━━━ Supplied entries ━━━

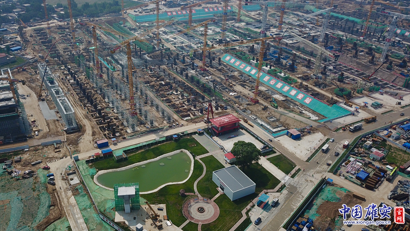 左下角为京雄城际铁路雄安站房一标段施工现场的小公园。中国雄安官网记者张斌 摄
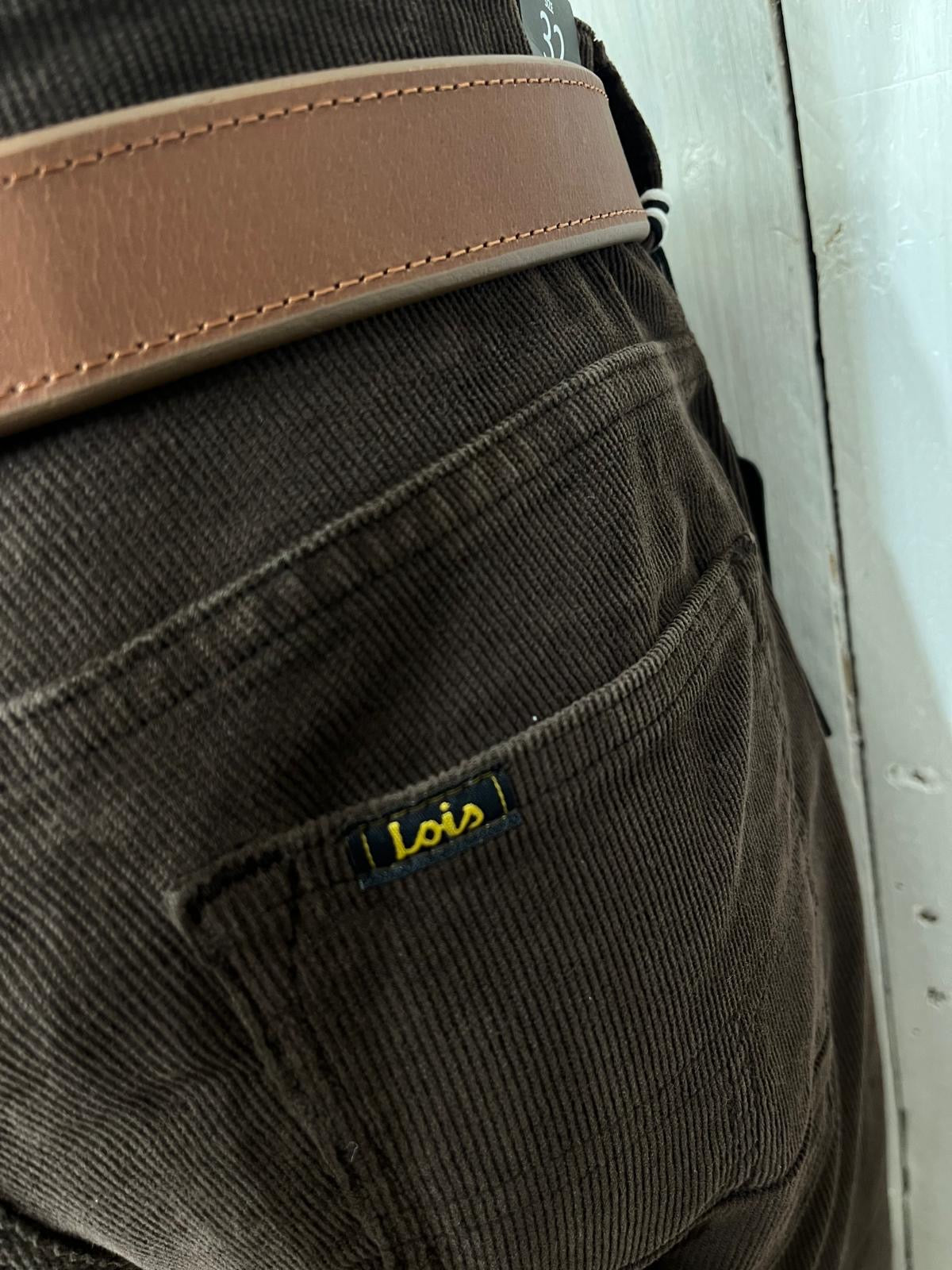 The Sierra Cord is slim/regular slight taper fit made in needle cord which consists of a slight stretch for better comfort. It’s a classic 5 pocket shape with tonal stitching. Featuring Lois embossed branded buttons for the fly and rivets. As well our signature washed suede branding on the front and back pockets The Sierra is a classic Lois piece. A smart casual Cord.
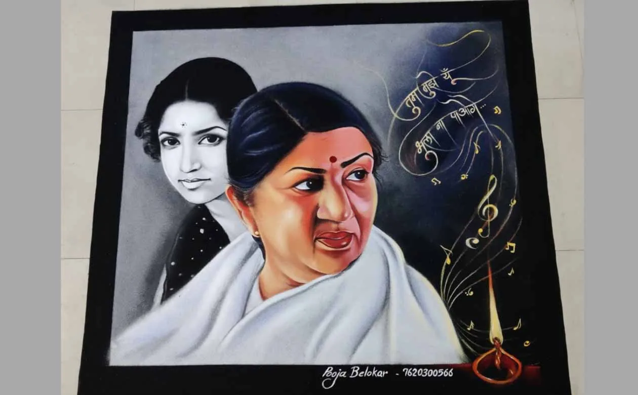 नाशिक – लतादीदींच्या जाण्याने सर्वत्र शोक पसरला आहे,लतादीदींबद्दल भावना व्यक्त करत नाशिकच्या पूजा बेलोकर यांनी रांगोळीच्या माध्यमातून ५ X ५ फुटांचे पोर्टेट साकारून अनोखी श्रद्धांजली अर्पण केली आहे.
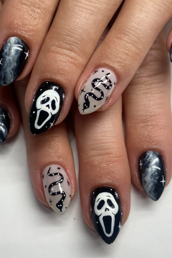 You mix eerie and chic by combining smoky marble nails with black serpent art and Scream mask details.
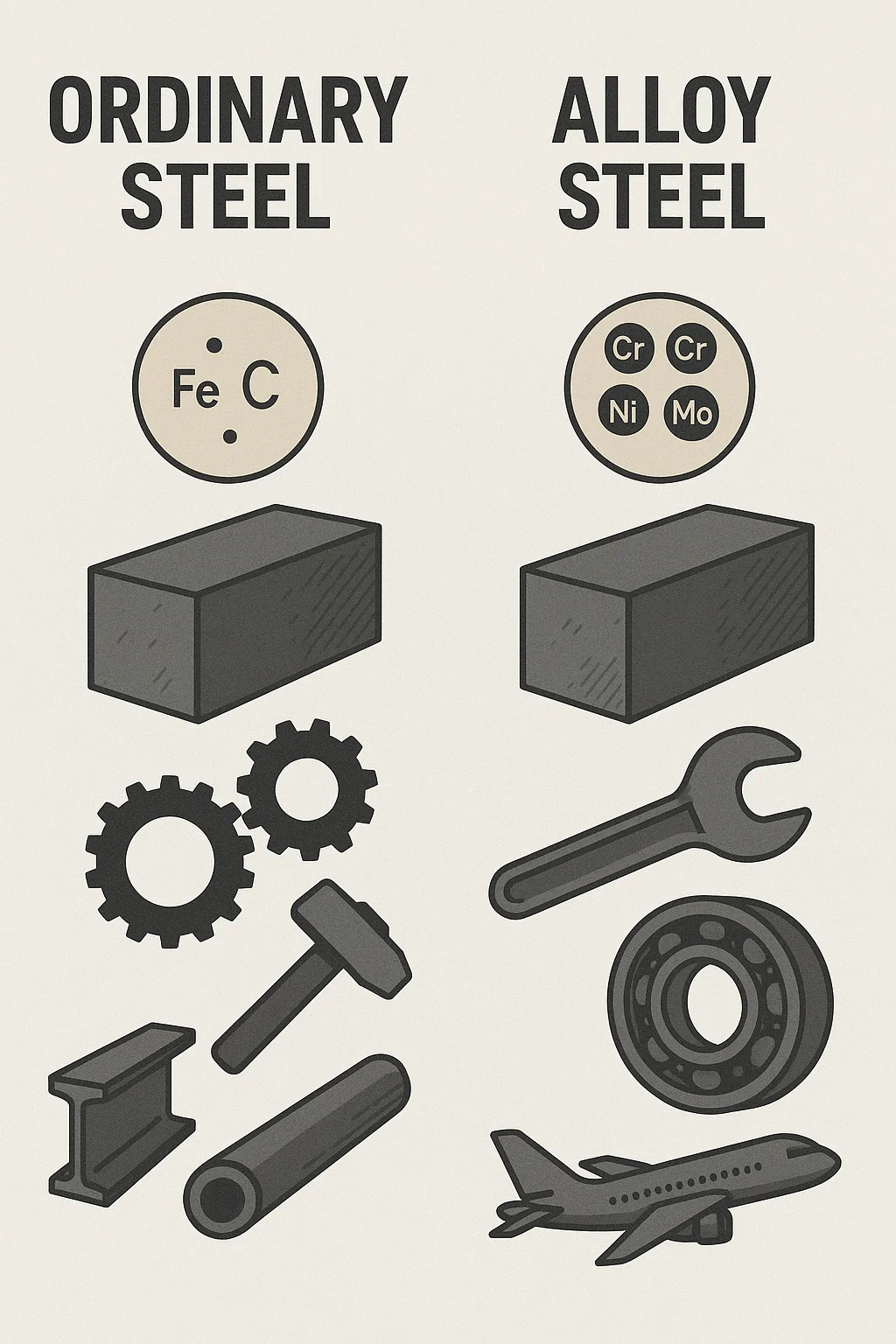 | Comhdhéanamh Bunscoile | Iarann Carbóin (le rian eisíontais íosta) | Iarann Carbóin Eilimintí cóimhiotalaithe breise suntasacha (m.sh., Cróimiam, Nicil, moluibdín) |

━━━

- _Work instruction_
All of the data above should be printed again exactly, though none of the pictures belong in the copy.

- _Exercise output_
 左下角为京雄城际铁路雄安站房一标段施工现场的小公园。中国雄安官网记者张斌 摄
 The Sierra Cord is slim/regular slight taper fit made in needle cord which consists of a slight stretch for better comfort. It’s a classic 5 pocket shape with tonal stitching. Featuring Lois embossed branded buttons for the fly and rivets. As well our signature washed suede branding on the front and back pockets The Sierra is a classic Lois piece. A smart casual Cord.
 नाशिक – लतादीदींच्या जाण्याने सर्वत्र शोक पसरला आहे,लतादीदींबद्दल भावना व्यक्त करत नाशिकच्या पूजा बेलोकर यांनी रांगोळीच्या माध्यमातून ५ X ५ फुटांचे पोर्टेट साकारून अनोखी श्रद्धांजली अर्पण केली आहे.
 You mix eerie and chic by combining smoky marble nails with black serpent art and Scream mask details.
 | Comhdhéanamh Bunscoile | Iarann Carbóin (le rian eisíontais íosta) | Iarann Carbóin Eilimintí cóimhiotalaithe breise suntasacha (m.sh., Cróimiam, Nicil, moluibdín) |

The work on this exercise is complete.